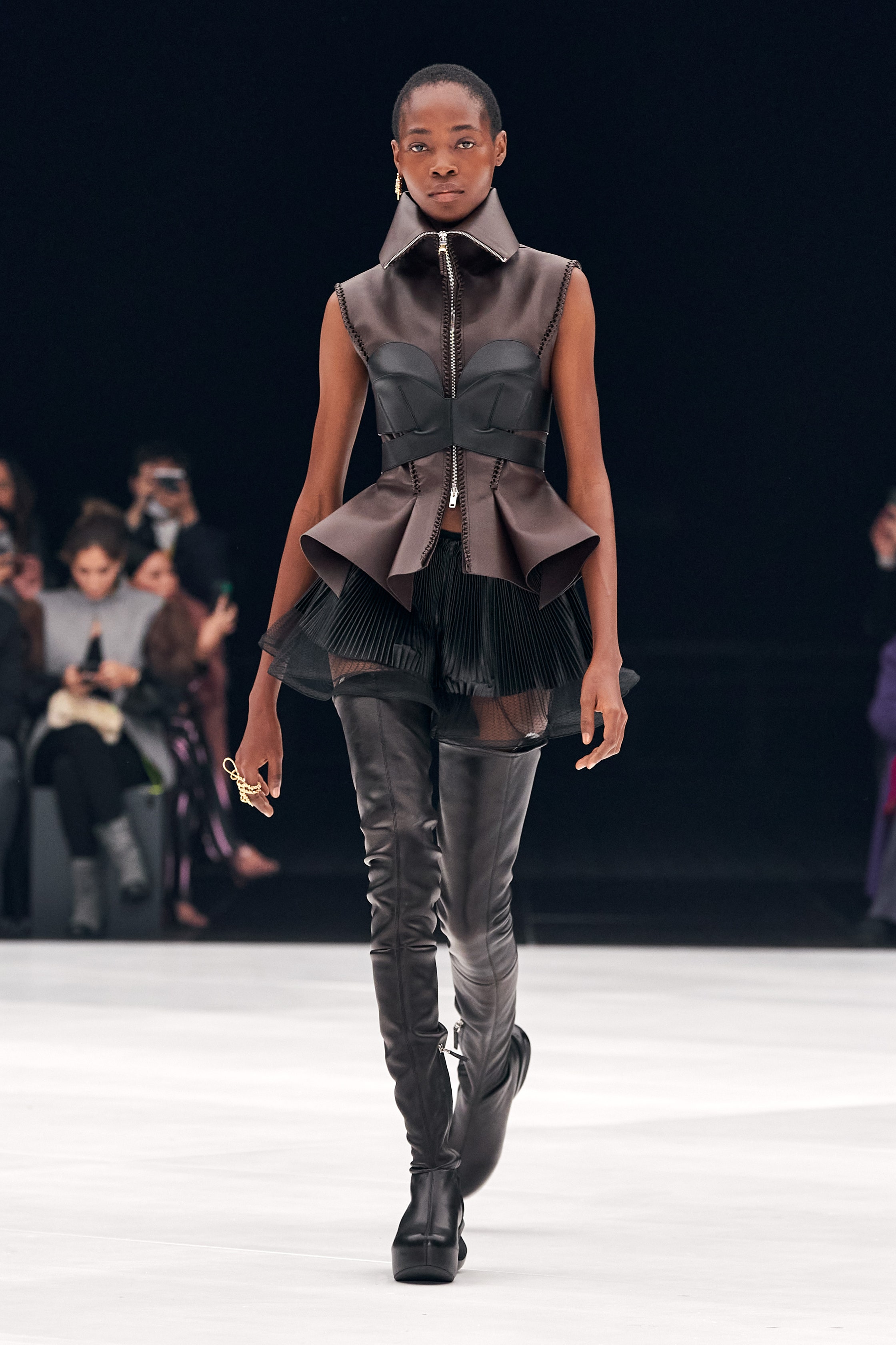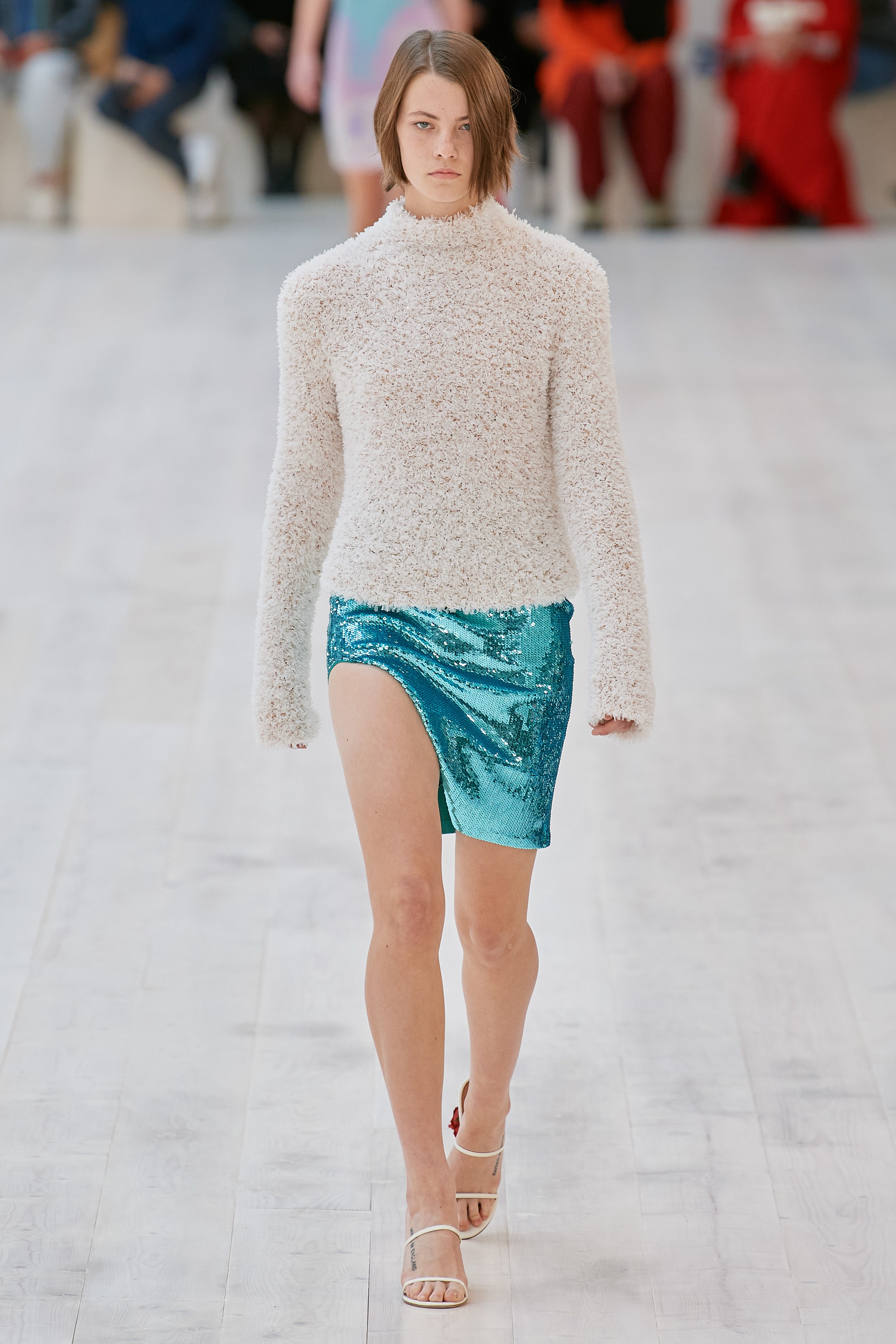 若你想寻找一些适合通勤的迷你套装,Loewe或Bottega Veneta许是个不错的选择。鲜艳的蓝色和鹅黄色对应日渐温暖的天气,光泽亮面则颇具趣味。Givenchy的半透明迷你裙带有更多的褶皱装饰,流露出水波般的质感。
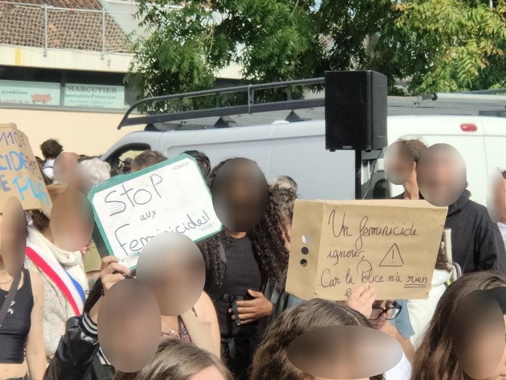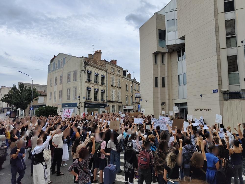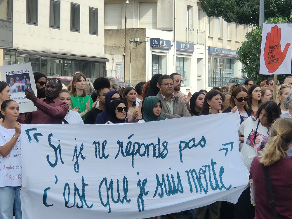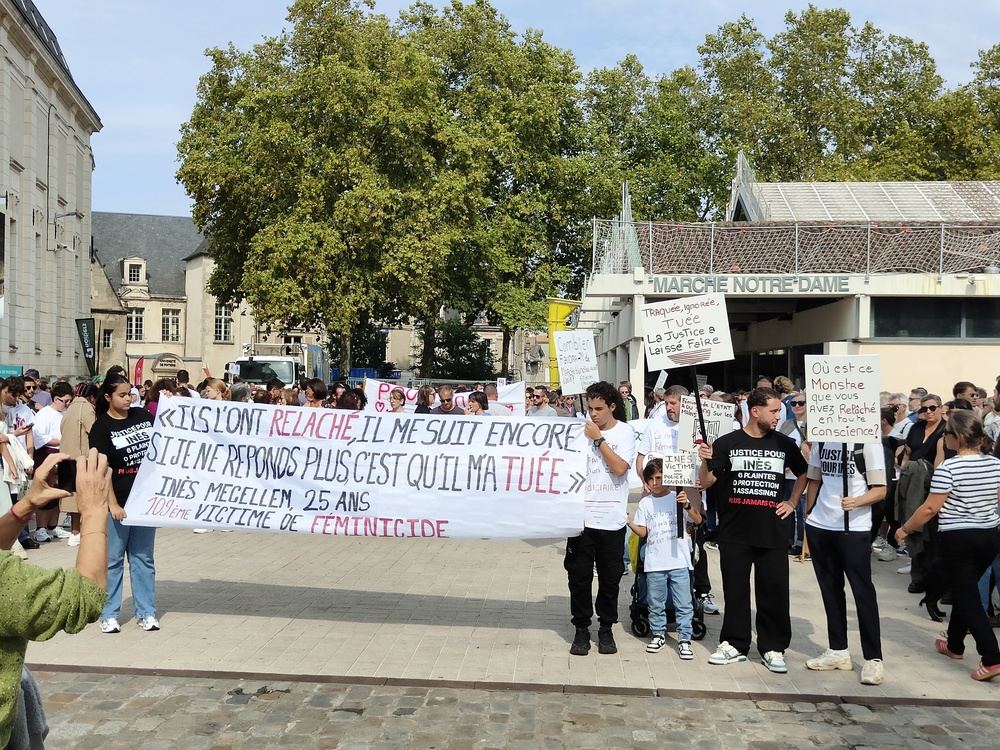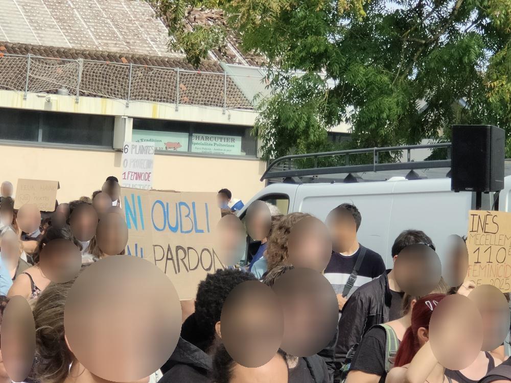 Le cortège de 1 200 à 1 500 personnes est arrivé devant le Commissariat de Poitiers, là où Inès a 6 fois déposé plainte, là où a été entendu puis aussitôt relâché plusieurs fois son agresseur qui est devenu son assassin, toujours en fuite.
...
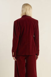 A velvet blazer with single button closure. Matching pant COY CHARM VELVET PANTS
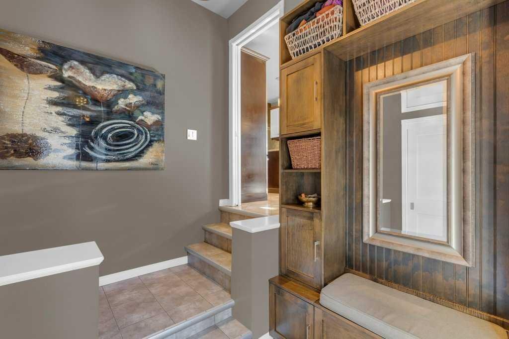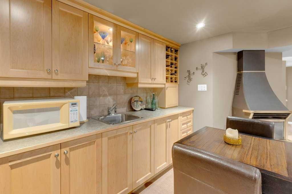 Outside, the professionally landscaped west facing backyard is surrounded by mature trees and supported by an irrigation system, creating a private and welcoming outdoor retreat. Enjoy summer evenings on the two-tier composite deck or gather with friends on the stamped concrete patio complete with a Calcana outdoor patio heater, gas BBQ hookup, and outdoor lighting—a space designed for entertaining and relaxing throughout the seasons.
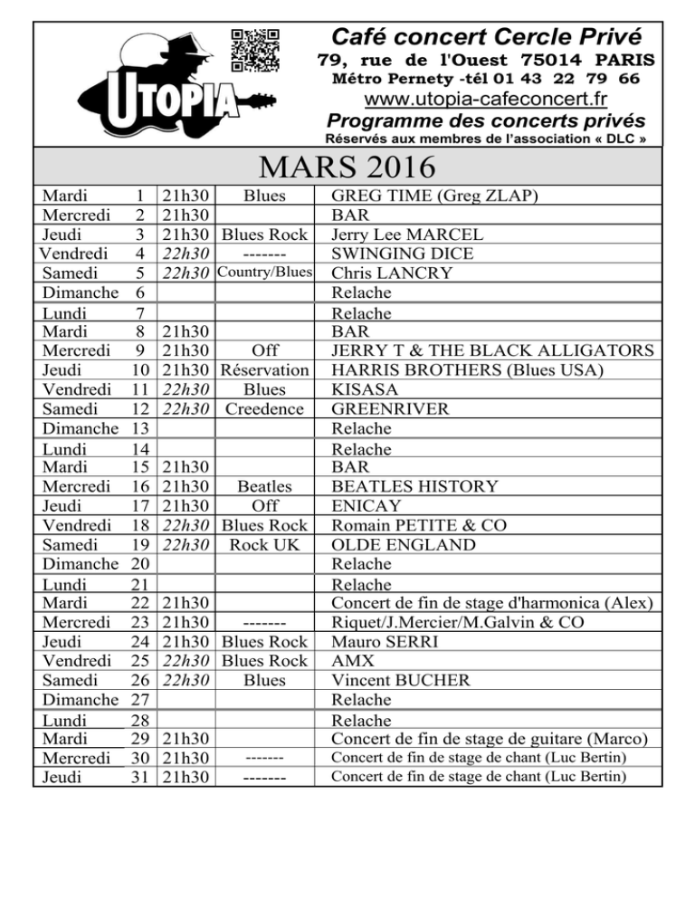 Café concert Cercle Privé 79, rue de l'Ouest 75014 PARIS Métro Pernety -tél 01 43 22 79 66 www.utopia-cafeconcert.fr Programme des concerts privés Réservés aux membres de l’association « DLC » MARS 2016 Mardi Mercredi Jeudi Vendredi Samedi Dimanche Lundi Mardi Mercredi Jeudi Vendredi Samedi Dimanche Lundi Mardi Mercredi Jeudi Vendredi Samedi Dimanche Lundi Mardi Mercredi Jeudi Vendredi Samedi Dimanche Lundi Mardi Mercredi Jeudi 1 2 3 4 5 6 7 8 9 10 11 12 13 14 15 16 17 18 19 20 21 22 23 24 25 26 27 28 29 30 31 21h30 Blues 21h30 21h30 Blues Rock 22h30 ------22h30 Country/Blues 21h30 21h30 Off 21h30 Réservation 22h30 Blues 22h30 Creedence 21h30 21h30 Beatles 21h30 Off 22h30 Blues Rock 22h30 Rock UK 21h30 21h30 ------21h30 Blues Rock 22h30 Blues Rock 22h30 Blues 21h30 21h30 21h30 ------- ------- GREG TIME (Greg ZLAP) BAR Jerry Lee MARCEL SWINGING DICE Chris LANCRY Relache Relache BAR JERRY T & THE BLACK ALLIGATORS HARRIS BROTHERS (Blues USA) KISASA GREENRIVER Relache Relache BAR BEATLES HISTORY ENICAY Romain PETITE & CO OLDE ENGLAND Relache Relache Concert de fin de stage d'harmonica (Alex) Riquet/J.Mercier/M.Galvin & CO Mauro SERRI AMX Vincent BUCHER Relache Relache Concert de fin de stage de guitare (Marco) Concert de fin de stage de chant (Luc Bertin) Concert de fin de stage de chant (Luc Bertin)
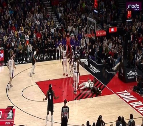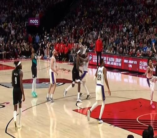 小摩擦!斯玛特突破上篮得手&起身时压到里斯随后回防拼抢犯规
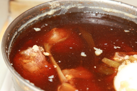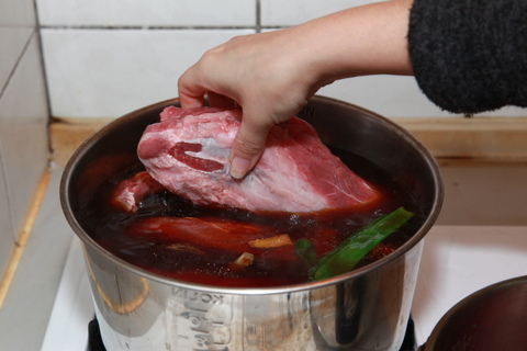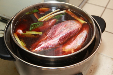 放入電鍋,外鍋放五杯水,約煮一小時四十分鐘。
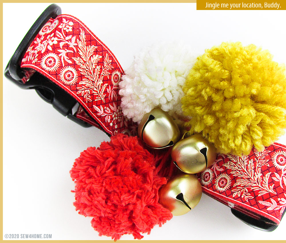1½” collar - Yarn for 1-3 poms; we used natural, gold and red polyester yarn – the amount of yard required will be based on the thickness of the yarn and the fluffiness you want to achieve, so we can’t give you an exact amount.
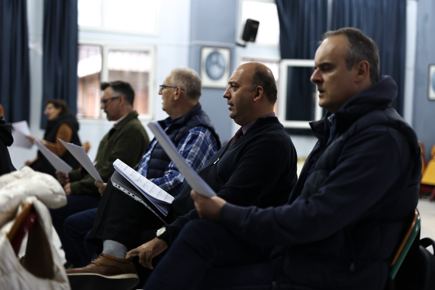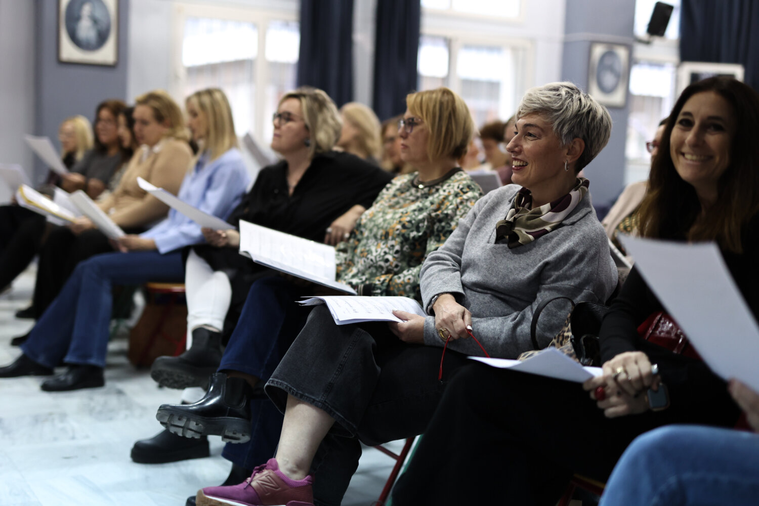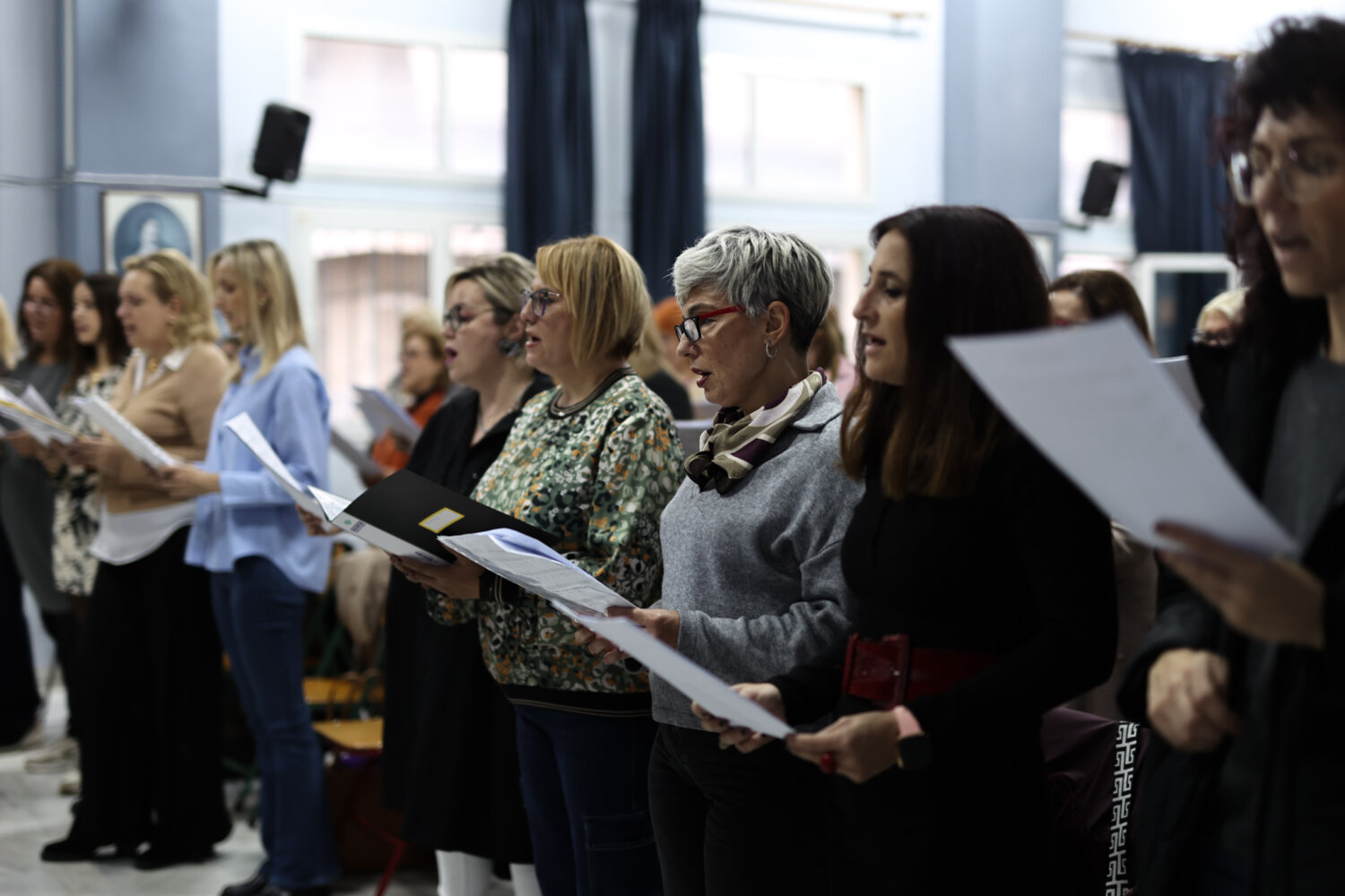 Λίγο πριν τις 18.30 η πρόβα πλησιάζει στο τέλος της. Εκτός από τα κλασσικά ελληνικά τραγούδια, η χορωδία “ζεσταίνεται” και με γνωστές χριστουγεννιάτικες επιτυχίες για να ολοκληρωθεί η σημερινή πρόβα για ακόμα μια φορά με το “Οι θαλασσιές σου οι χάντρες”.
--
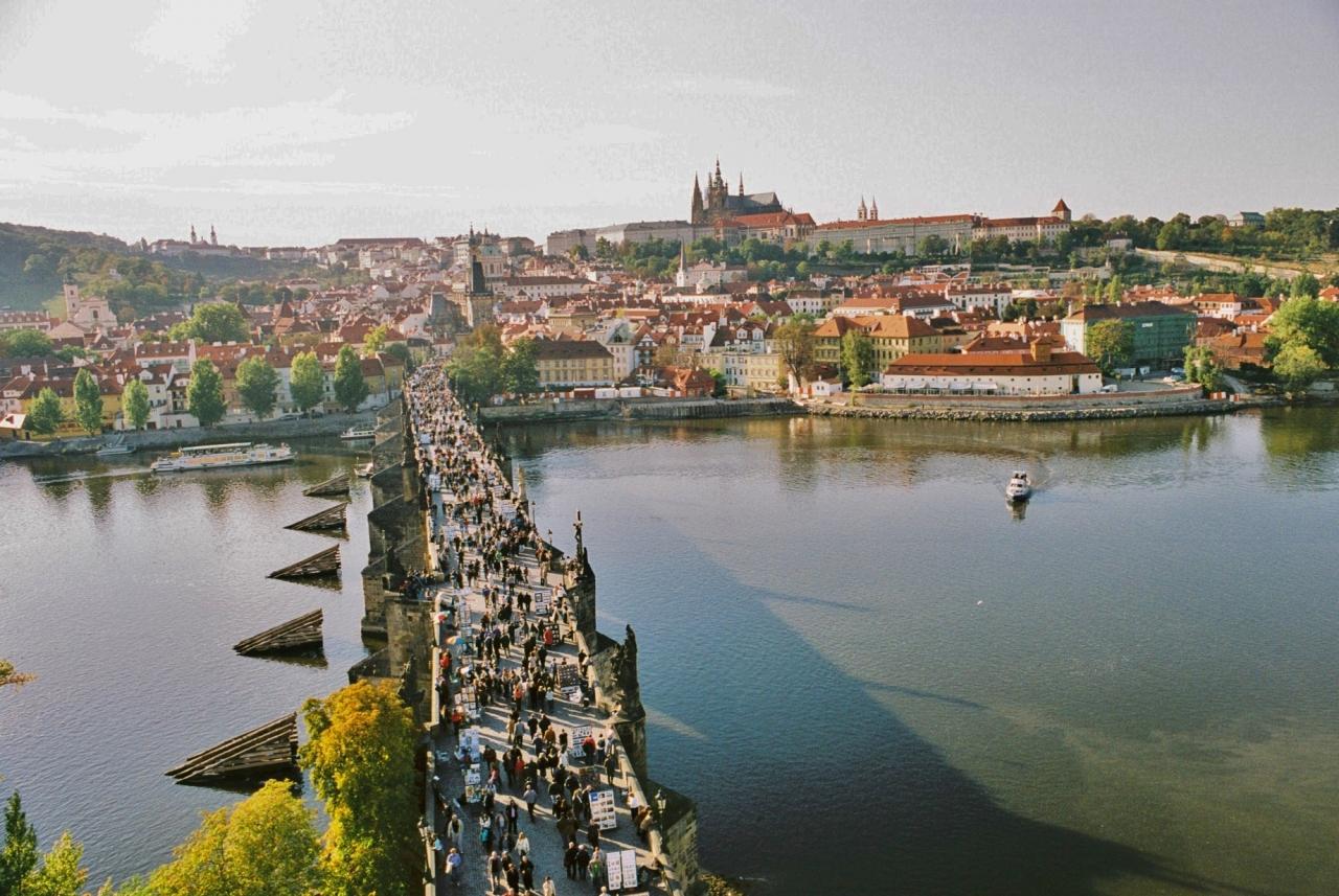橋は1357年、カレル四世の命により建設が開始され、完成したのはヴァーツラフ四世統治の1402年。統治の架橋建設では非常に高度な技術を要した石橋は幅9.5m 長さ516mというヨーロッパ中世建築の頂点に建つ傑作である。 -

What to work on: Everything between and including the line above containing "小摩擦!斯玛特突破上篮得手&起身时压到里斯随后回防拼抢犯规" and the line containing "Λίγο πριν τις" should be reproduced exactly, with pictures excluded.

Result of the task:
 小摩擦!斯玛特突破上篮得手&起身时压到里斯随后回防拼抢犯规
 放入電鍋,外鍋放五杯水,約煮一小時四十分鐘。
1½” collar - Yarn for 1-3 poms; we used natural, gold and red polyester yarn – the amount of yard required will be based on the thickness of the yarn and the fluffiness you want to achieve, so we can’t give you an exact amount.
 Λίγο πριν τις 18.30 η πρόβα πλησιάζει στο τέλος της. Εκτός από τα κλασσικά ελληνικά τραγούδια, η χορωδία “ζεσταίνεται” και με γνωστές χριστουγεννιάτικες επιτυχίες για να ολοκληρωθεί η σημερινή πρόβα για ακόμα μια φορά με το “Οι θαλασσιές σου οι χάντρες”.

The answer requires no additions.